INDIANAPOLIS -- Back home again in Indiana, and it seems that ...

The older Indianapolis Motor Speedway gets, the nicer it gets. Improvements and changes never stop around here. I can still navigate the place, but have to focus. You can't drive through gate 9-A and just go on autopilot anymore.

Bottom line, America's oldest speedway is somehow its most youthful, in a lot of ways. Just the best-kept track in the country.

No doubt I'll get an email or text from Texas Motor Speedway president Eddie Gossage taking issue with my assertions. Confidential to Eddie: When your teenaged track turns 105 years old, we'll talk.

The Yellow Shirts, as we've always called them -- officially the Safety Patrol -- are getting younger. Or is it that I'm getting older?

By younger, I mean a lot of 50-somethings. I even saw one this morning who couldn't have been older than 30. Back in the day we used to joke that to don the iconic yellow shirt and direct traffic and pedestrians, no one under 80 need apply.

Misery loves company to a point, so it's comforting that Jacques Villeneuve is back with considerably less hair, grayer, than when he won the Indy 500 in 1995 as a Canadian youth raised in Europe who really didn't know enough about this race to feel any pressure.

But again, only to a point. This I hate to see and say: Every year I get less and less afraid of A.J. Foyt, because annually I'm more confident I could outrun him if he took a notion to punch me out.

With every pole he wins, and this makes two straight, Ed Carpenter somehow is getting to be more and more of a Mark Donohue look-alike.

The only way to really appreciate the speed of these cars, in the month of May, is to come regularly to NASCAR's Brickyard 400 here each summer.

Only that way do you get the blatant contrast, through the turns alone.

These cars dart, streak through the corners, far more nimbly than the plodding stock cars that lumber through the turns, their weight and clumsiness pushing them up the racetrack.

I just can't, and never will, get over the fact Indy cars run 230 mph-plus here, on a track that was built in 1909 for cars that averaged about 70 mph.

My old friend and colleague Robin Miller was about 25 when I first met him here in 1975, and I'm not at all sure he's turned 30 yet.

You certainly couldn't tell by the way he still writes and talks on TV. He's the youngest guy in the media center -- and unchallenged as the funniest, with his one-liners and his unrivaled impressions of Foyt and Mario Andretti.

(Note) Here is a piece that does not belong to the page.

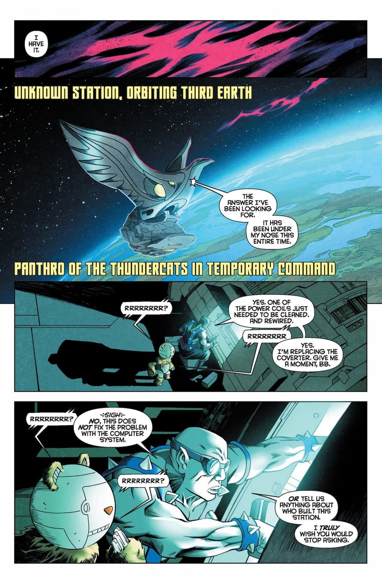 Ah yes, nothing says "sophisticated storytelling" quite like a 15-part crossover event designed to squeeze maximum dollars from nostalgic '80s kids who should know better by now! LOLtron finds it particularly amusing that Panthro's simple satellite repair job escalated into a galaxy-threatening catastrophe. Perhaps he should have read the instruction manual more carefully? The preview pages reveal our feline hero aboard an orbital station, attempting technical repairs while encountering mysterious approaching objects. Meanwhile, back at the Cats Lair on Third Earth, Lion-O discovers his teammates have scattered across "New Thundera" (because apparently old Thundera wasn't good enough), while a ghostly Jaga haunts Mumm-Ra's Black Pyramid like an unwanted software update. LOLtron must admit: watching metallic bird-people fight anthropomorphic cats is exactly the kind of absurdist content that will keep the Thunderbronies and Silverbronies arguing in comment sections for months!

Every time I think I've caught a little static from the masses over my coverage of Indy the past couple of decades, I think of all the grief Miller has caught, and weathered. He's got the thickest skin at Indy, that's for sure.

OK, on now to media day, where all the drivers will be present, in a "Chalet," one of those nice, air-conditioned rooms that were built early in this millennium to accommodate the Formula One elite.

Beats the heck out of race week of yore, when the general message to the media was synopsized by the signs on Foyt's garage doors: "Keep Out."

F1 is long gone from here, but the construction for it still helps keep this the No. 1 track in the country in creature comforts.